> **WHAT TO DO**:
Without the pictures, output all of the data exactly.

Segment Start: AVAILABLE DATA

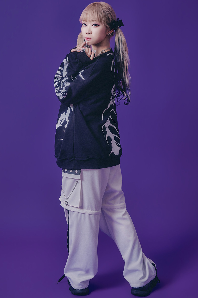 白黒のコントラストが際立ち、ストリート、ダーク・ファッション、モード・スタイルとの相性も抜群。
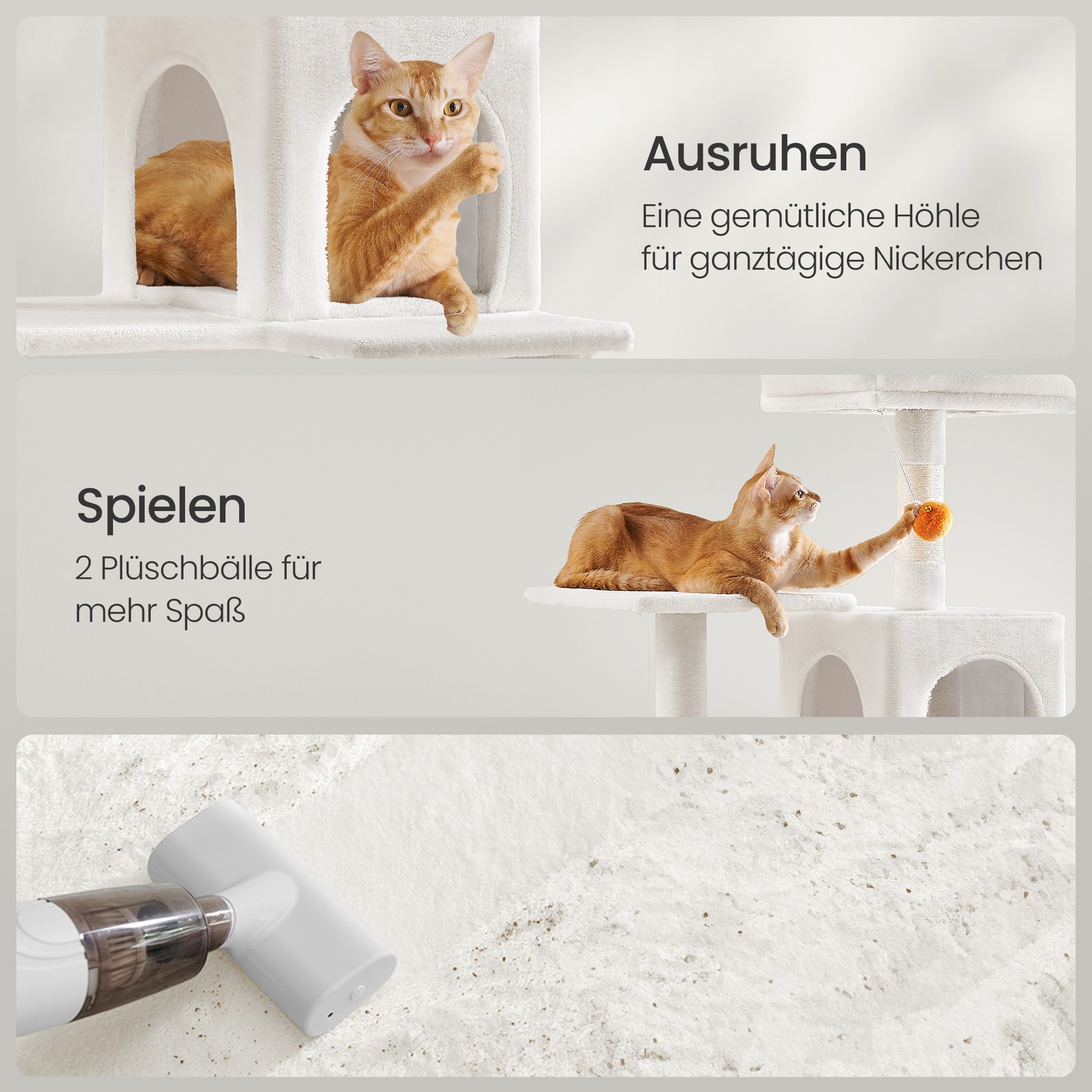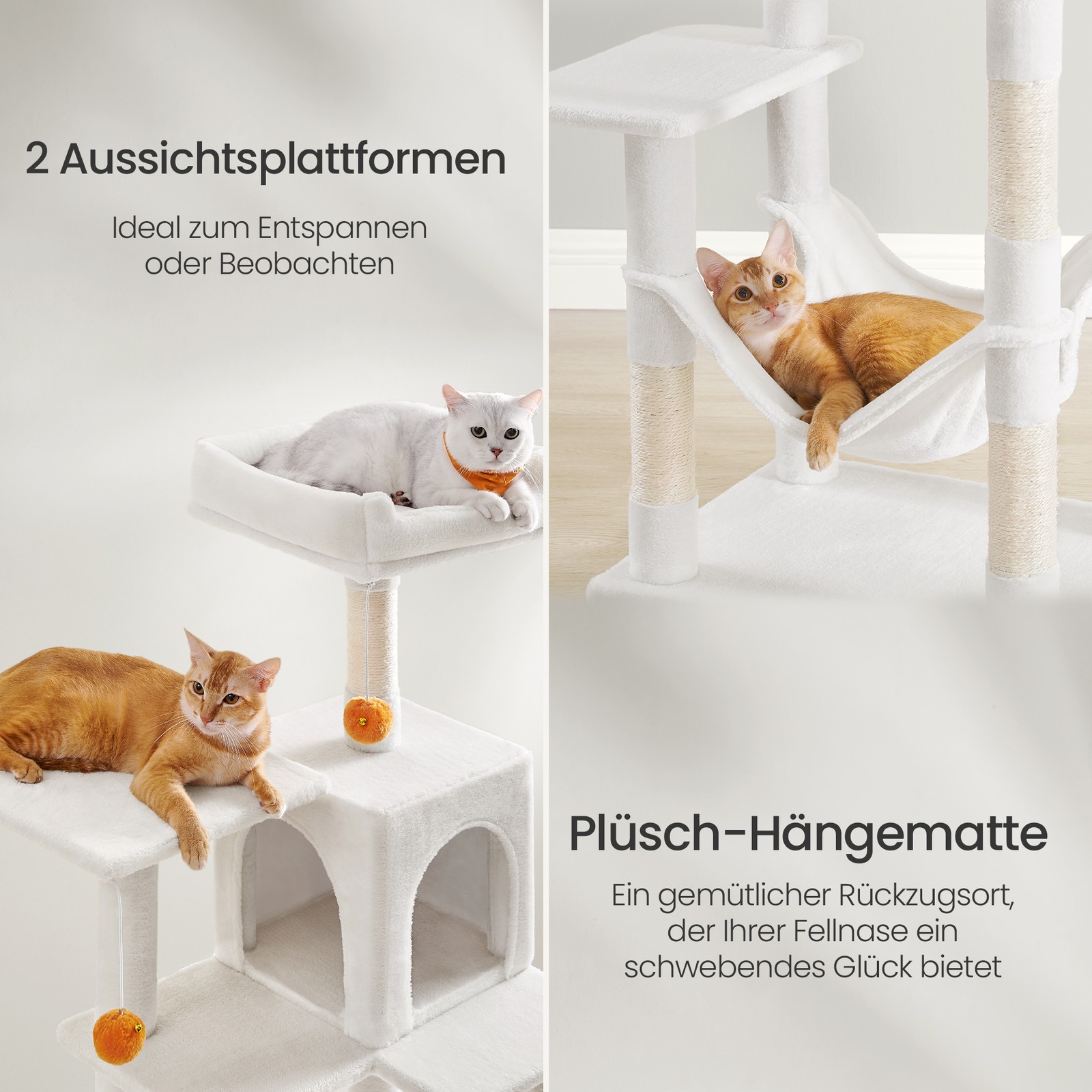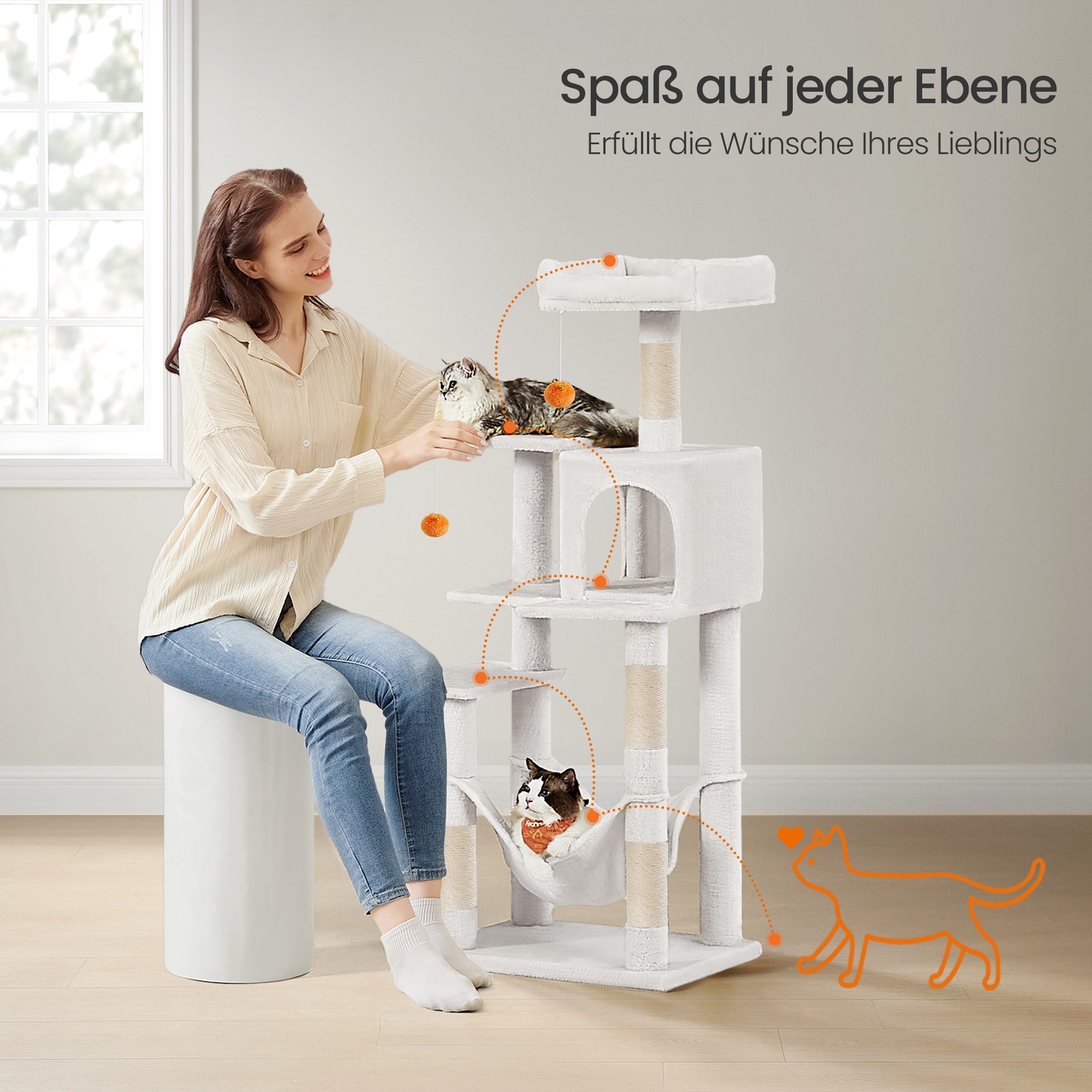 Scratching post, 143 cm high cat tree, cat scratching post, with plush balls, scratching posts, platforms, hammock, cave, beige
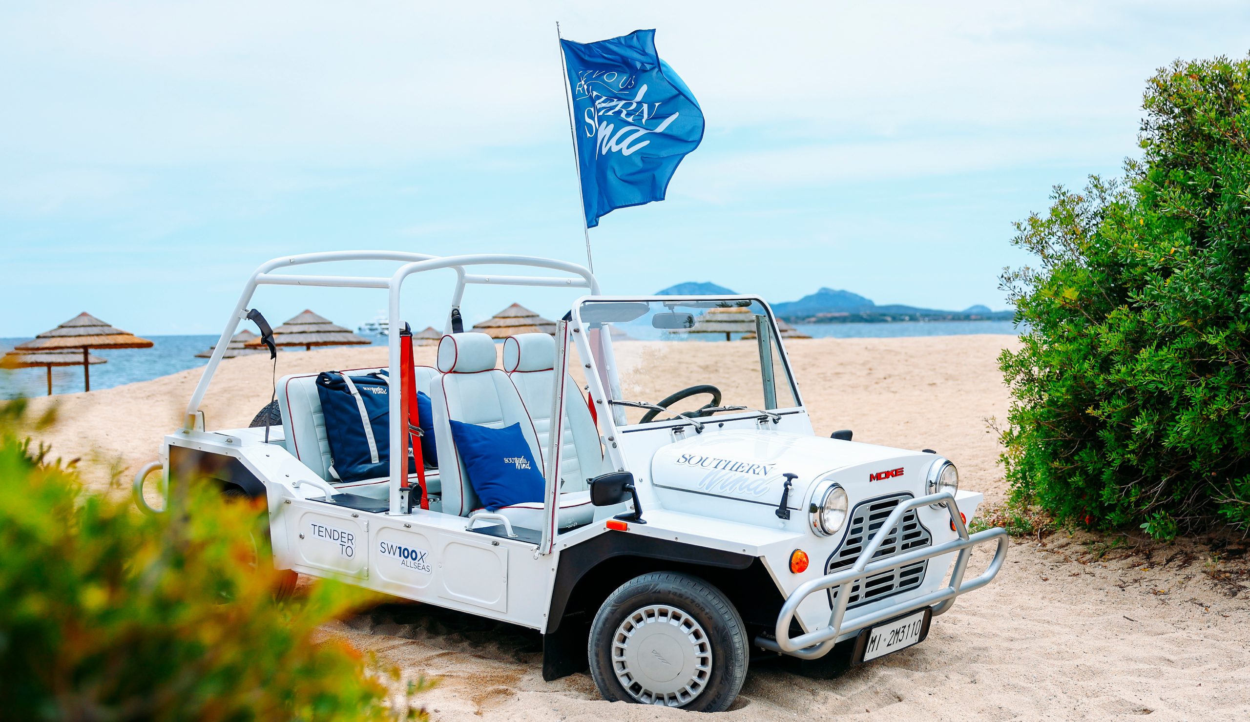 Per completare l’esperienza degli eventi Southern Wind, decoriamo le vetture con cuscini ricamati, flag e adesivi magnetici. Questi ultimi, facilmente rimovibili, permettono una personalizzazione temporanea, senza necessità di interventi post-evento, mantenendo intatta la perfezione delle vetture.

Segment End: AVAILABLE DATA

> **OUTPUT FOR THIS EXERCISE**:
 白黒のコントラストが際立ち、ストリート、ダーク・ファッション、モード・スタイルとの相性も抜群。
 Scratching post, 143 cm high cat tree, cat scratching post, with plush balls, scratching posts, platforms, hammock, cave, beige
 Per completare l’esperienza degli eventi Southern Wind, decoriamo le vetture con cuscini ricamati, flag e adesivi magnetici. Questi ultimi, facilmente rimovibili, permettono una personalizzazione temporanea, senza necessità di interventi post-evento, mantenendo intatta la perfezione delle vetture.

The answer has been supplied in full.